What are the global effects of anarchist lifestyle choices?

The idea that ‘Another World is Possible’[1] is a vital motivational

force behind most anarchist lifestyles. Despite some claims of

individualism, some anarchist lifestyle choices embody a communal

approach that seeks to instantiate this ‘other world’ in direct

opposition to the individualistic lifestyles that embody the spirit of

capitalism. Grassroots activisms, in the form of “small communities of

liberation” (Clark 2004:70), are a case in point. In this essay I will

briefly revisit the meaning of lifestyle anarchism and argue that some

intentional communities with an ecological ideology prefigure an

alternative. I will then flip the notion of what is global on its head

and argue that examples of anarchist prefiguration have real potential

to transform the structural nature of capitalism as any local action is

itself linked to, and enacted upon, the global stage.

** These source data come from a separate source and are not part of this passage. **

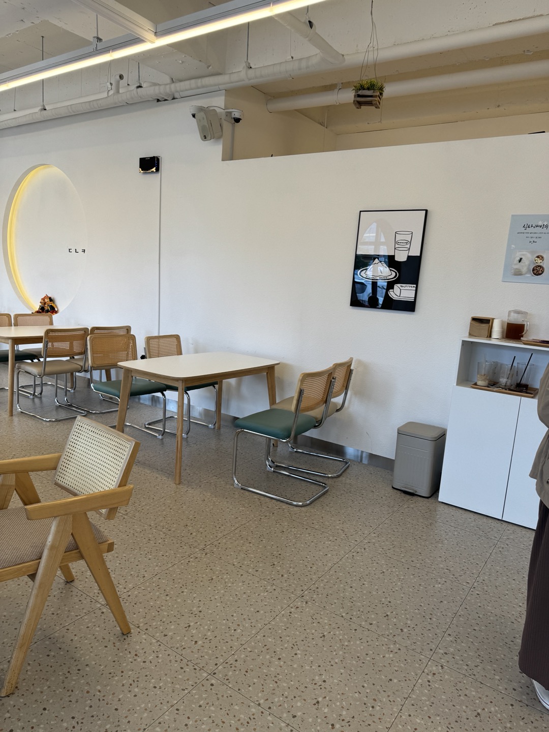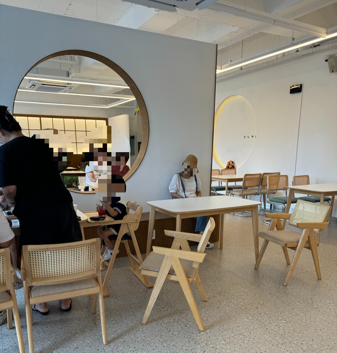 가게 안으로 들어가니 넓고 쾌적한 공간이 눈에 띄었습니다. 밝은 조명과 함께 따뜻한 나무 톤의 가구들이 어우러져 아늑한 분위기를 자아냈습니다. 특히 큰 원형 거울과 벽에 걸린 간단한 예술 작품들이 인상적이었습니다. 좌석 배치는 여유로워서 친구들과의 대화나 혼자만의 시간을 즐기기에 좋았습니다.
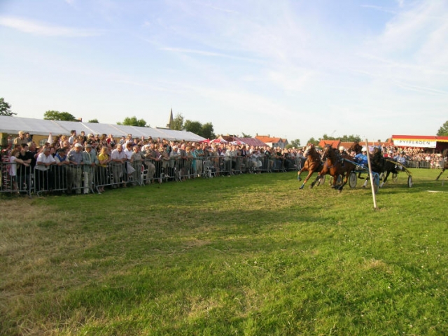 Vorige maandag kon er echt wel weer op de koppen gelopen worden te Krombeke; al vanaf 13 uur kwamen er heel veel mensen naar de markt voor paarden en pony’s onder een echt stralende zon. Tijdens de paardenkoersen op de weide zag men zo het publiek maar toestromen, en met 6 grote prijzen en de finale naast de speciale koers voor Belgische Boerenpaarden en de Steeple van Krombeke, kregen ze echt wel sport van de bovenste plank. En toen zakte die massa af naar het dorpscentrum waar men echt niet meer kon roeren of keren om te genieten van sublieme optredens van K’s Double Track, en misschien nog meer van Strawberry Jam dat door oud en jong en groot en klein gesmaakt werd. Nog tot de vroege uurtjes kon gewoon geen vin verroerd worden in het centrum van dorp, waar iedereen toch graag minstens één maal per jaar naartoe komt. De weergoden waren Krombeke tijdens het kermisweekend bijzonder goed gezind, maar het kan gewoon niet anders dan dat zoveel mensen gewoon op kermismaandag naar Krombeke willen.
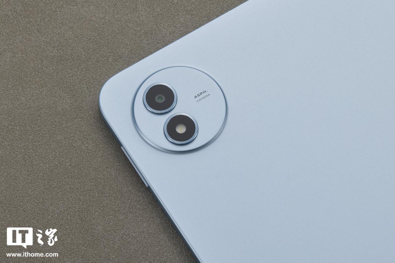 IT之家拿到的这款为松弛蓝配色,这种蓝色色泽淡雅,视觉上能带来轻松、治愈的感觉。平板采用一体化的铝合金外壳,表面为细腻的喷砂质感,搭配这种蓝色,减少了金属的锐利视感,增加了温润感。
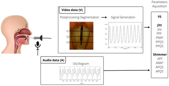 A schematic illustration of the examination process with the rigid endoscope using high-speed videoendoscopy (V) with the simultaneously recorded audio data (A) resulted in the parameter acquisition as listed below: F0, Jitter and its measures (Jita, PPF, PRAP, PPQ3, and PPQ5), and Shimmer and its measures (APF, ARAP, APQ3, and APQ5). The parameters were calculated for three glottal widths, V1—posterior, V2—middle, and V3—anterior, and simultaneously recorded audio data (A).

Lifestyle Anarchism Revisited

Bookchin (1995) argued that merely living an anarchist lifestyle does

little to address the structural oppression of capitalism. Bookchin

constructed a dichotomy between the social and personal and saw personal

or lifestyle choices as an indulgence afforded to the privileged whose

focus was purely on “personal improvement, personal achievement, and

personal enlightenment” (1995:7). When an anarchist lifestyle

constitutes these emphases then it is easy to sympathize with Bookchin’s

disdain. Whilst I am in agreement with Bookchin that there is little

potential for political change through self-realization alone[2], his

narrow, binary evaluation of lifestyle / social anarchism has been

sufficiently challenged with rational arguments elsewhere (Clark 2008;

Davis 2010; Wilson 2014a). Suffice to say that the personal must also be

political to be anarchistic, a theme I will return to later.

Anarchism is a code of ethics, reaching toward a multispecies,

biocentric ontology. It is a verb, a relational way of being in the

world based on egalitarian values of mutual aid, co-operation,

community, equality, equity, collective stewardship of resources, and

the respect for diversity[3]. Furthermore, what constitutes a lifestyle,

is a complex system of relationships that include consumption habits,

language, ideologies and the general behavior and habits of individuals

and sub-cultures (Clark 2008; Portwood-Stacer 2013; Wilson 2014a).

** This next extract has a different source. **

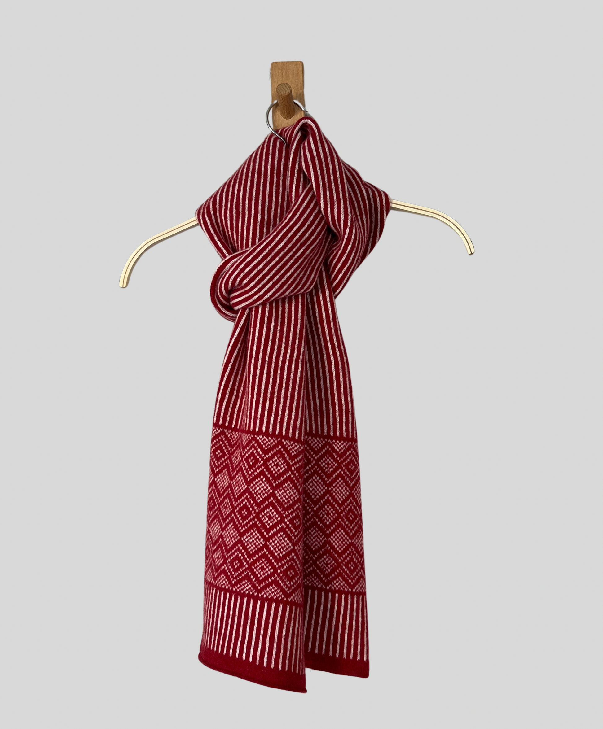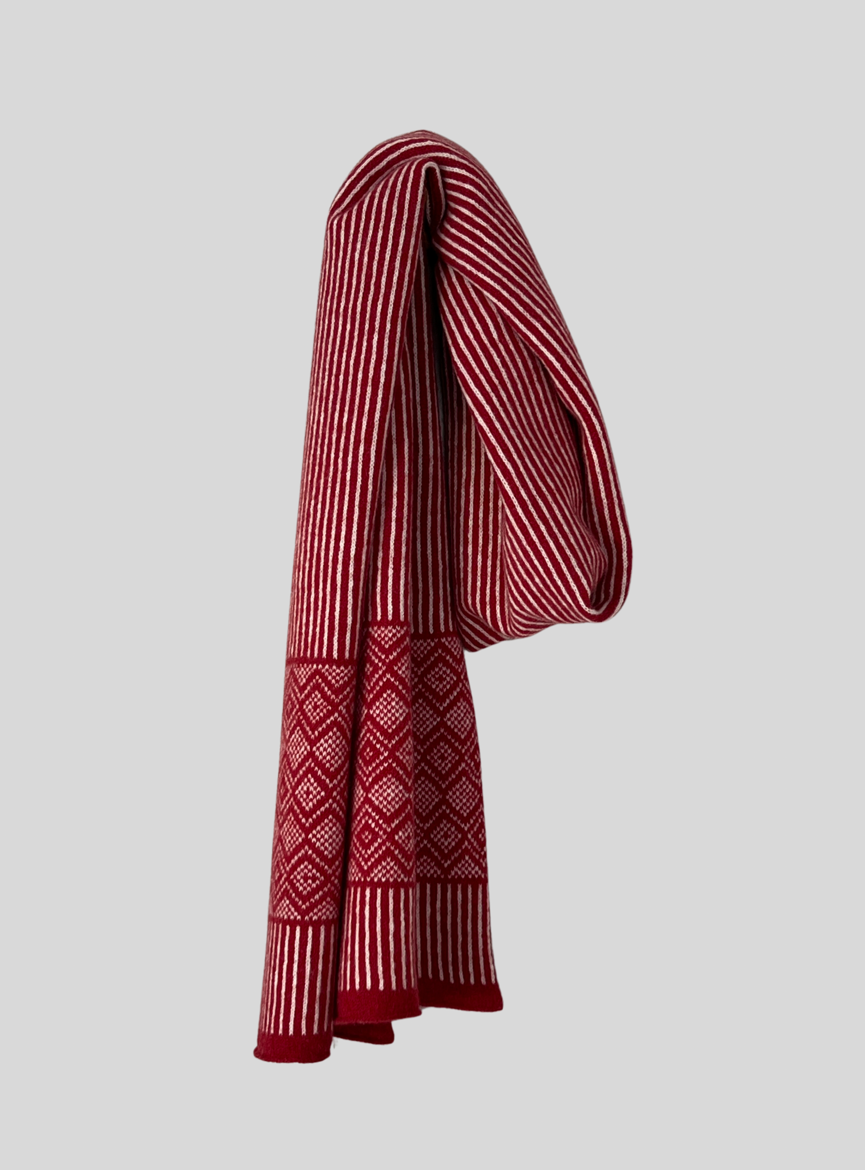 Scarf -soft merino lambswool Scandi pattern with stripes in berry red and natural white

Invoking Foucault’s (1991; 1998; Rabinow 1991) concept of power and

discipline (power is not just exercised from the top down but also

throughout society by individuals and groups within that society) infers

that lifestyle choices contain agency. If this agency is exercised using

disciplinary techniques embodied in anarchism then this could, in time,

begin to break down global capitalist structures through the creation of

“new logics, habits, spaces”. (Wilson 2014b: 4). A multitude of

resistant and innovative cultures enacted on a local, grassroots level,

a hollowing out of the system from within (ibid). Whilst Bookchin’s own

philosophy makes immeasurable contributions to potential alternative

ways to organize the world politically, it still fails to provide an

answer to the question of ‘where does one begin’?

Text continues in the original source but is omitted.